12/22/2008 12:00AM

Florida account-wagering agreement reached


Florida horsemen and the simulcast-marketing company owned by Churchill Downs Inc. and Magna Entertainment Corp. have reached a one-year agreement to restore the signals from Churchill's Calder Race Course and Magna's Gulfstream Park to the account-wagering platforms run by the two companies, officials for both sides said on Monday.

The deal will likely result in Calder being restored to Churchill's Twinspires.com and Magna's XpressBet on Tuesday, according to the officials. Calder closes on Jan. 2, and Gulfstream - one of the most popular winter signals in the U.S. - opens on Jan. 3.

Florida's horsemen have blocked the distribution of Calder's signal to account-wagering companies since the start of Calder's meet in April, citing their dissatisfaction with the distribution of revenues from account wagering. The result has been an eight-month blackout of Calder's signal for Internet and telephone bettors and a significant decline in betting on the track's races.

According to officials for both sides, the marketing company, TrackNet, will be responsible for reaching a similar deal with the two other large national account-wagering companies, TVG and Youbet.com. However, it is unclear if the two companies will accept the deal.

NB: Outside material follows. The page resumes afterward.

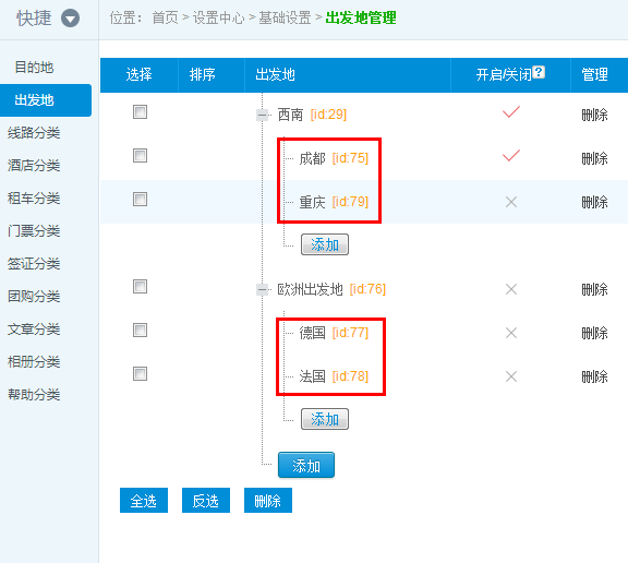 我們在添加內容的時候,需要選擇出發地,這里的第一級菜單(西南,歐洲出發地)并不會出現在出發地的選項中,因為他是分類名稱。而第二級菜單(成都,重慶,德國,法國)才是我們設置的出發地。
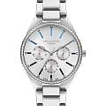 Женские часы Lee Cooper LC07863.390 — это стильное сочетание элегантности и современного дизайна. Круглый корпус диаметром 34 мм выполнен из суперметалла, а неподвижный безельБезельВнешний ободок, закрепляющий стекло. В спортивных часах так называется поворотное кольцо с делениями на циферблате, выполняет роль таймера – замеряет отрезки времени на шкале. Неподвижный безель – элемент декора. Однонаправленно вращающийся безель на дайверских часах позволяет фиксировать моменты погружения и выныривания на поверхность. украшен цирконами, придающими модели особый блеск. Серебристый циферблат защищен минеральным стекломМинеральное стеклоМинеральное стекло представляет собой искусственно выращенный минерал кварца. Такое стекло отличается особой устойчивостью к повреждениям и царапинам. Уступает по некоторым качествам сапфировому стеклу., обеспечивающим устойчивость к царапинам. Метки в виде штрихов. Часы оснащены надежным кварцевым механизмом, а металлический браслет на раскладной застёжкеРаскладная застёжкаТакой тип застёжки используется только на браслетах из металла. Она никогда не раскрывается полностью, происходит разделение на 2 и более частей. Раскладывающая застёжка снизит вероятность потери часов к минимуму. гарантирует комфортную посадку на запястье. Мультифункциональная модель с индикацией даты, дня недели, с дополнительным 24-х часовым индикатором. Водозащита 30 метров защищает модель от случайных брызг и дождя. Lee Cooper  — отличный выбор для тех, кто ценит утонченность и качество.

Scott Daruty, the chief executive of TrackNet, said that he had talked with officials for the two companies in the past about similar deals, but had not yet offered the deal to Youbet.com and TVG officials by Monday afternoon.

"I don't know what they'll do," Daruty said. "I think it's a fair deal, so it will be up to them whether they want to accept it."

Sam Gordon, the president of the Florida Horsemen's Benevolent and Protective Association, said that the deal requires account-wagering companies to pay Calder Race Course a 7 percent fee on handle and Gulfstream Park a 9 percent fee on handle. If those numbers are accurate - Daruty would not comment on the figures, as is standard on signal rates - then it will represent a significant fee increase.

However, because Churchill and Magna own the two tracks and the simulcast-marketing partnership, their account-wagering companies will be paying their parent companies for access to the signals. In other words, the deal will be more expensive to TVG and Youbet.com than to Churchill and Magna.

In addition, the deal will restrict the live television broadcasting rights to HorseRacing TV, a channel owned by Churchill and Magna and a competitor to TVG, according to Daruty. All account-wagering platforms, however, will be able to provide live streaming of races over the Internet, Daruty said.

Officials of TVG and Youbet.com did not return phone calls on Monday.